> [Exercise prompt]:
Restate word for word the lines below that run from the one holding "استفاده شده است. |" through the one holding "Арт-день для дітей", inclusive. Pictures don't belong in the copy.

> [Material shown]:
════════════════
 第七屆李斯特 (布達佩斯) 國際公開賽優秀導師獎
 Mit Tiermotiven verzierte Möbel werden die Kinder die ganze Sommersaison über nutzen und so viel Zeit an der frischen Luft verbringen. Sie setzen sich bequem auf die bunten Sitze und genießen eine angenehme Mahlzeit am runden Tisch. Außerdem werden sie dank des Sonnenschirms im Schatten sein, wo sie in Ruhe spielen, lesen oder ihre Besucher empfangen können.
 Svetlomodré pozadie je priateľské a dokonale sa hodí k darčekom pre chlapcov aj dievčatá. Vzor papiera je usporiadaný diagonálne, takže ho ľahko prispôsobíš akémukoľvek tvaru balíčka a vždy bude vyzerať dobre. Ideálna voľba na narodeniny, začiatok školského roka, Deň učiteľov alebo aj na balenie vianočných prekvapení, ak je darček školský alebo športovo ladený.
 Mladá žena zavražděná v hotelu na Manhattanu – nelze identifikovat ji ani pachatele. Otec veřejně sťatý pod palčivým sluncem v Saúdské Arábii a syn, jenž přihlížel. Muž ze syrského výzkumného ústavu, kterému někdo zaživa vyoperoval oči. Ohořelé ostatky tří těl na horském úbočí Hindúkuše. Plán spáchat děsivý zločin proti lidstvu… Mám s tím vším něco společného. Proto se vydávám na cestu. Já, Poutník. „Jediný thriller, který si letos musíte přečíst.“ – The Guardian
════════════════
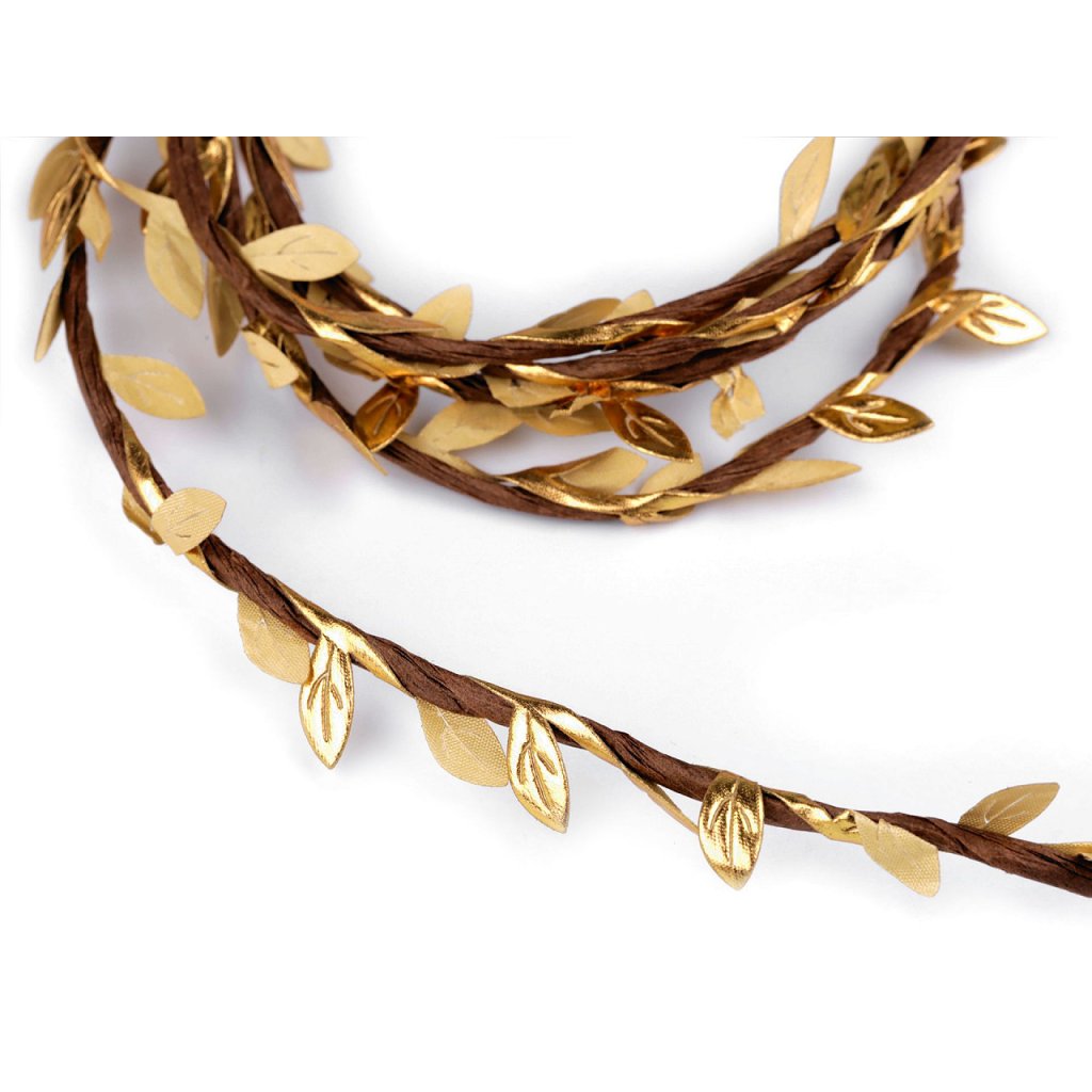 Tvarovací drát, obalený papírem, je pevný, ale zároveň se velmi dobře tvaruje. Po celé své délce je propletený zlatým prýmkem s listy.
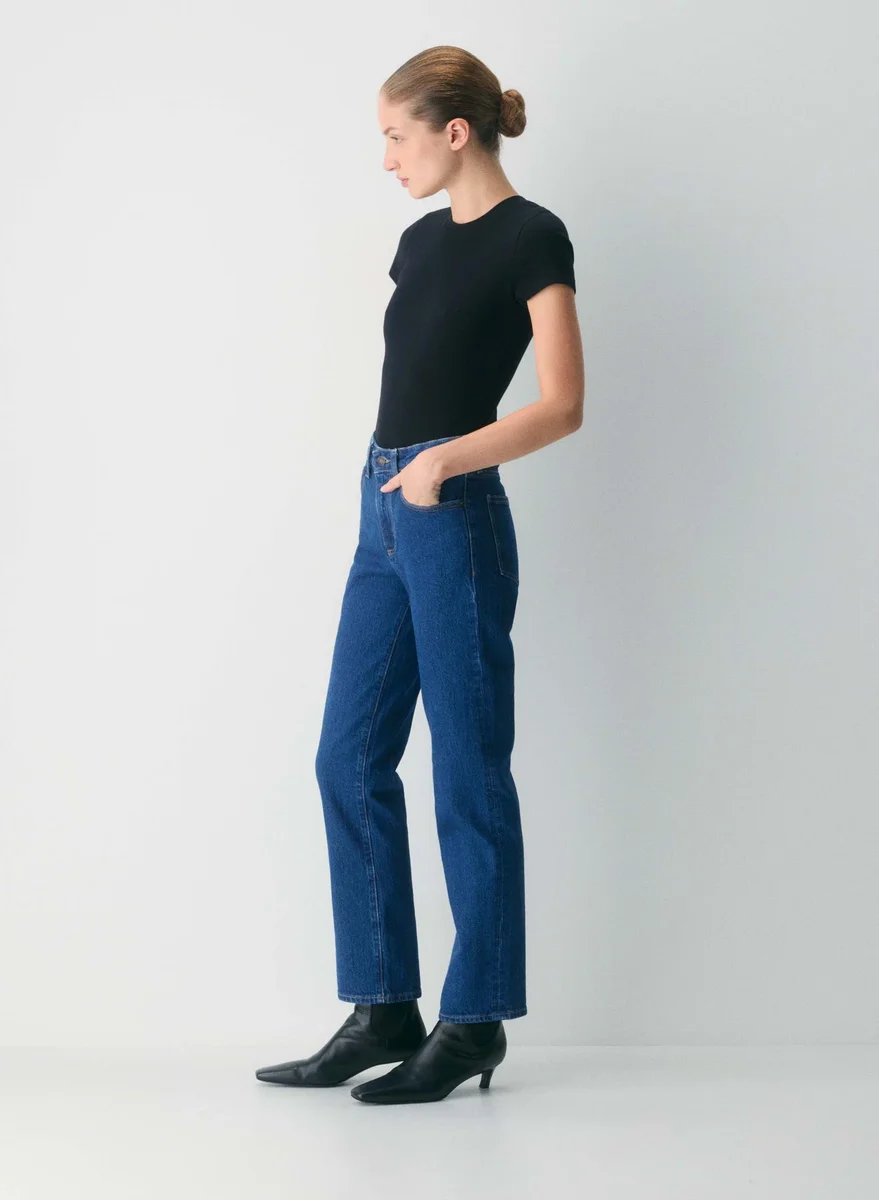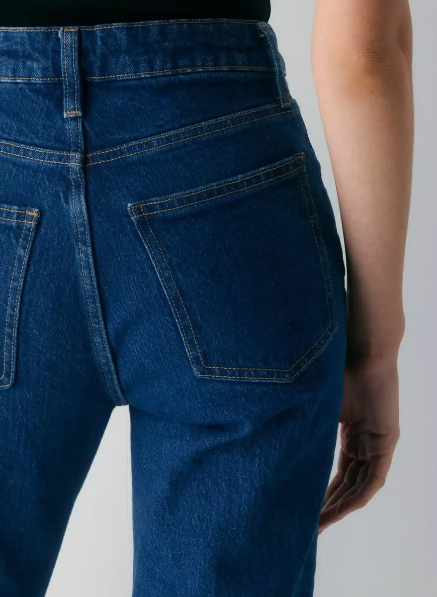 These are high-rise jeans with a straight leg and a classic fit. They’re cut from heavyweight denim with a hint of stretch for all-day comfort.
════════════════
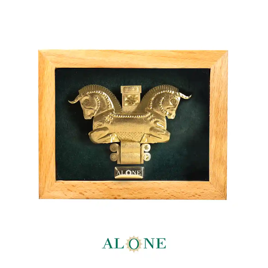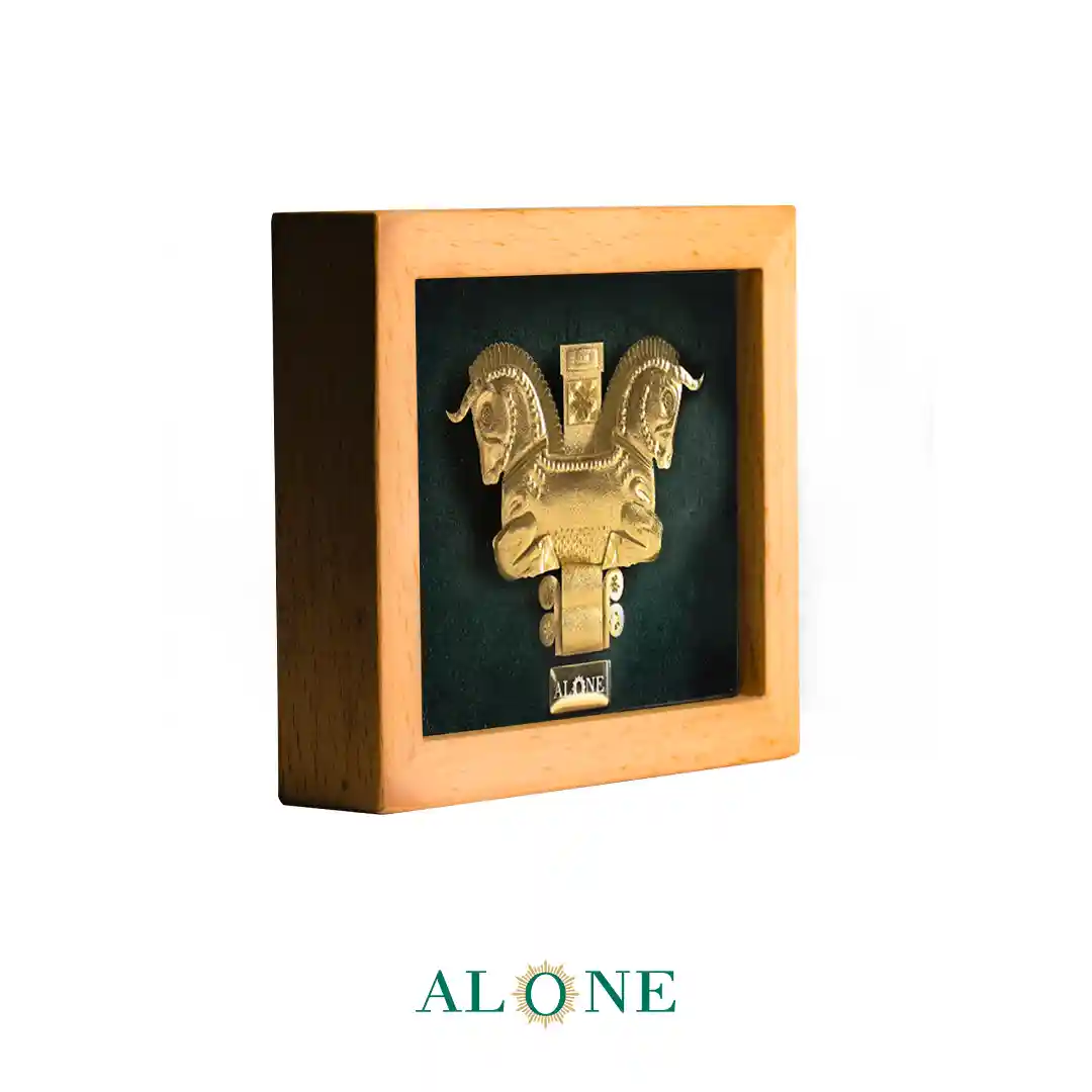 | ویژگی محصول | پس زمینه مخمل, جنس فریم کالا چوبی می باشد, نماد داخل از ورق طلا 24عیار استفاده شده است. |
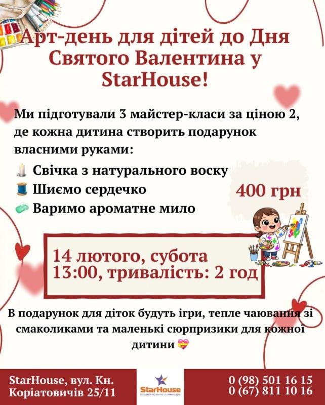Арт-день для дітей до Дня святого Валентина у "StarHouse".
════════════════
> [Task answer]:
 | ویژگی محصول | پس زمینه مخمل, جنس فریم کالا چوبی می باشد, نماد داخل از ورق طلا 24عیار استفاده شده است. |
Арт-день для дітей до Дня святого Валентина у "StarHouse".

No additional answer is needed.